The sensuality comes through in her drawings of cars. The detailed graphite renderings of the cars reminds me of fellow Moody Gallery artist Michael Bise. The suspension of the subject and the drawings lack of mundane contextual details suspend the subject and elevate it to an ideal, similar to the drawings of Robert Pruitt. Where as his stark presentation of his subjects force you to confront his blend of ethnic and social and political symbols and stereotypes, Barrera's sports cars read as an erotic ideal. Each one is a petite mort, distilled from time and space, complete and unending within the confines of the frame as if within an evening of making love. The timelessness is evident in Circuit (Mont-Tremblant) in which the cars eternally race toward a non-existent finish line, accelerator to the floor, engines screaming.

Debra Barrera, Circuit (Mont-Tremblant), 2012, graphite on paper, 20" x 28"

Two other pieces draw on the automobile's sex-death symbolism.
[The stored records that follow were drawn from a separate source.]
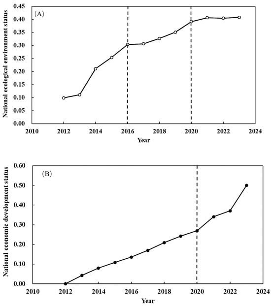 National ecological environment (A) and economic (B) development status. The dashed lines indicate the critical thresholds between different development states.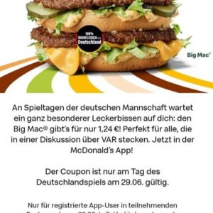 Nachdem es bei Mc Donald´s zum letzten Spiel der deutschen Nationalmannschaft 2 Big Mac zum Preis von einem gegeben hat gibt es am kommenden Spieltag am Samstag, 29.06.2024, den Big Mac für 1,24 €.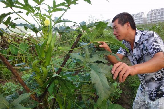 9月2日,笔者见黄岩区宁溪镇桥亭居一居民把自己种的黄秋葵果实当作礼物送给朋友品尝。黄秋葵原产于非洲,现我国各城市周边也有少量种植。据了解,它不但营养价值高,且有多种药用价值,在日、韩被称为“绿色人参”;美国则称它为“植物伟哥”。近年来宁溪有人从外地打工带来种子试种成功,圆果种和棱角种均有,当地群众纷纷通过各种渠道迅速发展,但市场上目前还不多见。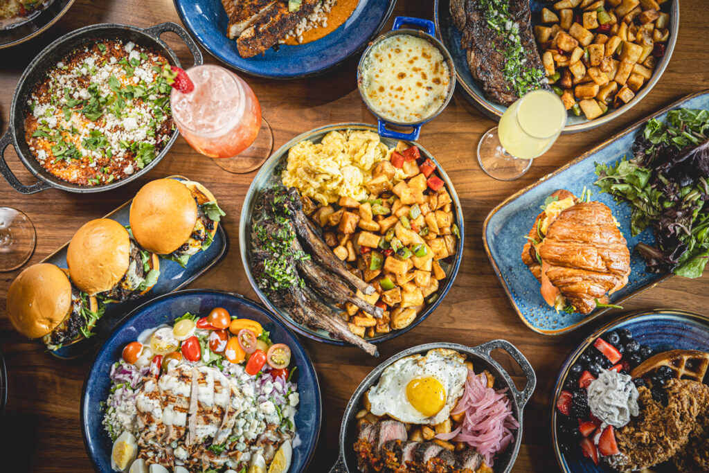 The brunch menu is a particular standout, with items like their massive Brunch Charcuterie Board. “It’s a massive board, 46 inches by about 14 inches wide. It’s designed to turn your head when you see it come out of the kitchen,” says Wright, noting that it takes two servers to carry it to the tables.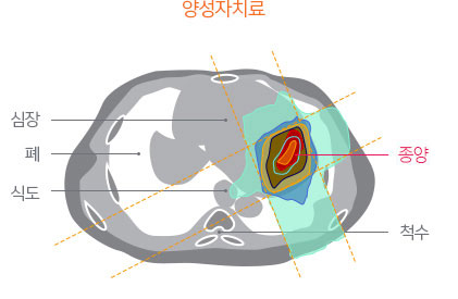 - 치료 범위가 넓어지는 경우, 그만큼 방사선에 노출되는 폐의 범위가 늘어나게 되고 식도, 척수, 심장 등의 정상 장기에 전달되는 방사선량도 많아지게 됩니다. 그에 비해 양성자치료는 암조직에 충분한 방사선량을 주면서도 정상 장기에 전달되는 방사선량은 최소한의 범위로 제한할 수 있어 폐에 미치는 영향을 최소화할 수 있습니다.

In Skoda Favorit over Toroweap, a car has driven over a cliff and we are witnessing it moments before impact, wincing with anticipation of the power and pain on impact, a moment before completion, before climax.
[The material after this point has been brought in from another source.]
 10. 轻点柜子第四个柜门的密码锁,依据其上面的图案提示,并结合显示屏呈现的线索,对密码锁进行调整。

Debra Barrera, Skoda Favorit over Toroweap, 2012, graphite on paper, 28" x 18"
The other drawing features the Lamborgini that Grace Kelly drove at the 1967 Grand Prix in Monaco. The reference to the sex symbol Grace Kelly adds to the pieces sexual allure but it is Barrera's masterful rendering of the Lamborgini, the 20th century sex symbol equivalent of Michelanglo's David, that delivers it. The allusion to death is included in the reference to Grace Kelly, who suffered a stroke and drove her car over a cliff. Such a beautiful princess. Such a sexy car. Such a romantic death.

Debra Barrera, Princess Grace Drives in Monaco, 2012, graphite on paper, 28 1/2" x 16 1/4"
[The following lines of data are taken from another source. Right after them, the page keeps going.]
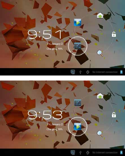 the screen and go to main desktop; Slide the lock icon onto the other icon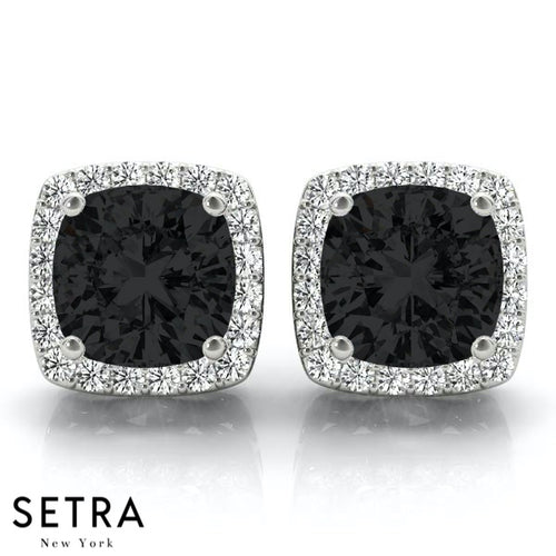 Black Cushion Shape Diamond Halo Earring 14kt Gold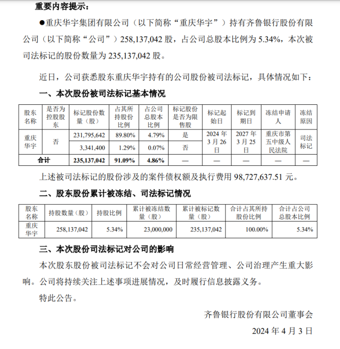 也就是说,后续华宇集团想要减持所持齐鲁银行的股份,还得先解押了再说。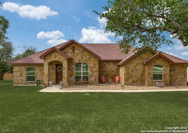 This beautiful custom-built home in highly sought after Eden Crossing is a true gem. The all-rock spacious three-bedroom, 2.5-bath home with media/flex room, high ceilings, and granite countertops is a perfect combination of luxury and functionality. The tile floors throughout the home look like wood, adding to its beauty and durability. The home features two dining areas, a side entry two-car garage, and underground utilities, making it a perfect choice for those who value quiet country living with easy access to San Antonio. The home is located in the desirable La Vernia School District, making it an ideal choice for families with school-going children. As you step inside, the open-concept floor plan with high ceilings creates an airy and welcoming atmosphere. The stone accents surround the fireplace and can be found throughout the home, adding to its beauty and charm. The grand kitchen is a chef's dream with gorgeous wood cabinetry, stainless steel appliances, including double ovens, and sprawling granite countertop prep space. Whether you're cooking dinner for one or entertaining guests, this kitchen has everything you need. The primary bedroom is a luxurious retreat with coffered ceilings, a lavish en-suite bath, an oversized wrap-around tile shower, and dual vanities. The two additional bedrooms offer plenty of options for customization to fit your needs. Outside, the backyard has ample space to create your own private oasis where you can enjoy the peaceful surroundings of the neighborhood or ride your golf cart down to the hidden pond. This home in Eden Crossing is a perfect choice for those who value serene and peaceful living in a beautiful and spacious home. Don't miss out on the opportunity to make this dream home yours today!

The third aspect of the show is the parts. Here too, Barrera consistently handles her chosen objects with the same sensuality, the same loving care that an automobile enthusiast would exhibit or a gear head would give.

Debra Barrera, El Camino on Earth (Texas), 2012, 1972 Custom El Camino with 1993 Corvette engine

She does that with automotive enamel. In I'd rather have a Lamborghini than memories, Barerra lovingly lacquers a suitcase with the automotive equivalent of Yves Klein Blue. The piece's title is an acknowledgement of the instant gratification ethos of the American culture. The treatment of the piece of luggage is an extension ad absurdum of the concept. If you can't have the beautiful blue Lamborghini, then you can at least have its shiny metallic coat.

Debra Barrera, I'd rather have a Lamborghini than memories, 2012, suitcase, automotive spray paint (Gallardo Blue), various travel momentos of the artist including movie and airline tickets, museum guides, diamond bracelent, one love letter, and restaurant mints, 24" x 19" x 6"

In her most playful piece, Someday Looks So Good Right Now, she sexes up death, automotive style. She tricks out a walker by painting it with sparkling automotive paint and chroming out the cross bars. Death may be inevitable but you can stagger with some swagger toward it in all your gear head glory.

Debra Barrera, Someday Looks So Good Right Now II, 2012, medical walker, automotive enamel, leatherette, stainless steel, 36" x 19" x 6" 

Of course these subjects: the automobile, sex, death, and freedom are openly available to her (and female artists the worldwide, except may be Saudi Arabia) because of the women that push the boundaries. Barrera pays homage to one of those women, Dorothy Leavitt, a pioneer in female motor racing and independence.

Debra Barrera, For Dorothy Leavitt, 2012, 1986 Pontiac Firebird rearview mirror, automotive enamel, spotlight

In an age of the Lilly Ledbetter Fair Pay Act and binders of women, I imagine Barrera is subtly, symbolically asserting two things: 1) women (and their equality) may be closer than they appear and 2) once women (at least women like herself and Dorothy) have passed men, they won't be needing rear view mirrors ever again.

I don't care what your sexual preference is, that kind of confidence is dead sexy.